Incidentally, the UnixTime structure becomes almost identical to the MonotonicTime except the leap second offset with that change. In any case, I might create conversion methods to/from MonotonicTime for the UnixTime, especially if MonotonicTime goes into its own crate. Another idea I had would be to simply move the UnixTime into that new crate as the MonotonicTime struct as well, especially because those two are so similar and do not share a lot of dependencies.. But those are just some ideas and would require cooperation.

If you want to have a look at the new CucTime implementation, I would appreciate it very much. I created a PR for this here: https://github.com/us-irs/spacepackets-rs/pull/5 . I opted for an approach where the CUC time is not leap second aware (except of course methods like from_now) , and introducing a helper wrapper object which caches the leap second information and offers the API related to UNIX time handling and date time handling.

Concerning the new API: I updated the UNIX datetime API helpers to include support for the time library now as well, see here and here .

robamu commented 5 months ago

I just found another good reason to include MonotonicTime in a separate crate: It is actually a type which could be useful on no_std systems to track elapsed times where std::time::Instant is not available. For cases like this, I used UnixTimestamp, which relies on the non-monotonic UNIX time. That would require layering the code so that alloc and std dependent features are behind a feature gate. I actually have not had a closer look at alternative options for generic measurement of elapsed times when a standard runtime is not available, but having a concrete type which can also be used on no_std systems definitely seems like a viable way.

sbarral commented 5 months ago

(sorry for the late PR review of spacepackets, done!).

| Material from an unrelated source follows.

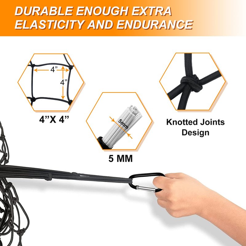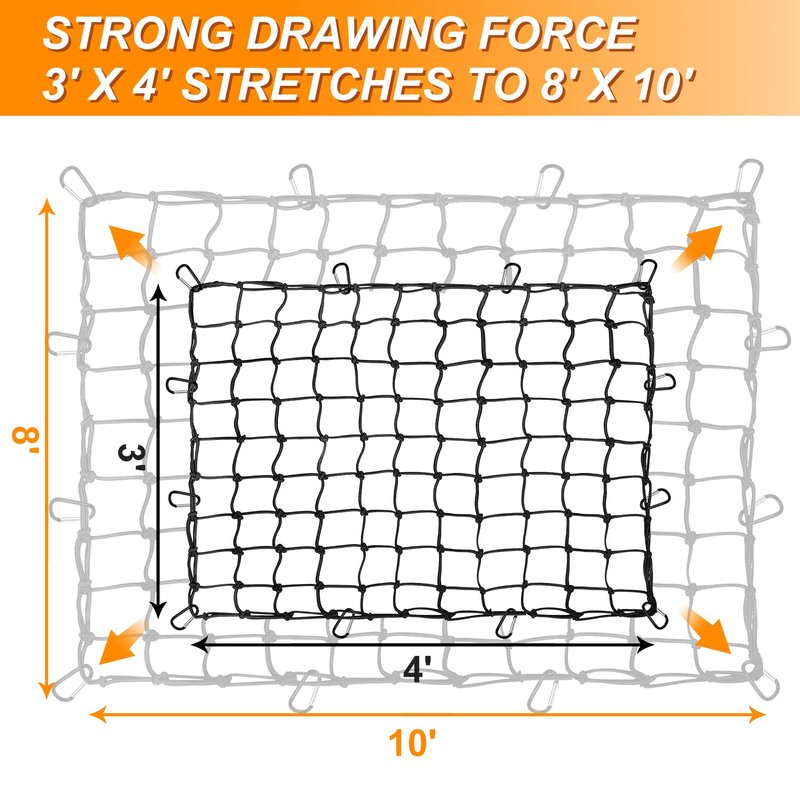 - Stretch to 8'x10': 3'x4' bungee cargo net can stretch to 8'x10' to accommodate the size of your items and is designed with tight 4” x 4” mesh netting and knotted joints, truck bed cargo net keeps small items from falling out and provide more strength and protection for large cargo items in transportation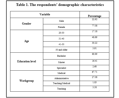The results of Table 1 indicated among 384 statistical samples, 22.92% were male and 77.08% were female. The largest age group was in the group of 31-40 years with 48.69% and most respondents had bachelor's education levels with a mean of 80.99%, and 67.71% were working in the medical field, 27.08% in the administrative field, 1.83% in the medical-teaching field, and 3.38% in the teaching field.

I agree that the CUC time should not be leap-second aware, especially that the leap offset could become invalid when the CucTime is modified by arithmetic operations to a date with a different offset.

Yes, making MonotonicTime a no_std crate make a lot of sense. I would prefer to keep it really bare-bone though, I think it is always possible to build related structs like UnixTime or our seqlocked version of MonotonicTime in separate crate with very little penalty (I think the only penalty is the assert in MonotonicTime::new() which could be avoided by having access to the private fields, but we can probably live with that).

sbarral commented 5 months ago

The first candidate version of a standalone and more generic version of MonotonicTime with no-std, serde and chrono support is now available at https://github.com/asynchronics/tai-time/.

I will thus close this issue in favor of https://github.com/asynchronics/tai-time/issues/1.

I would be grateful for any feedback before the official release (please use the above new issue).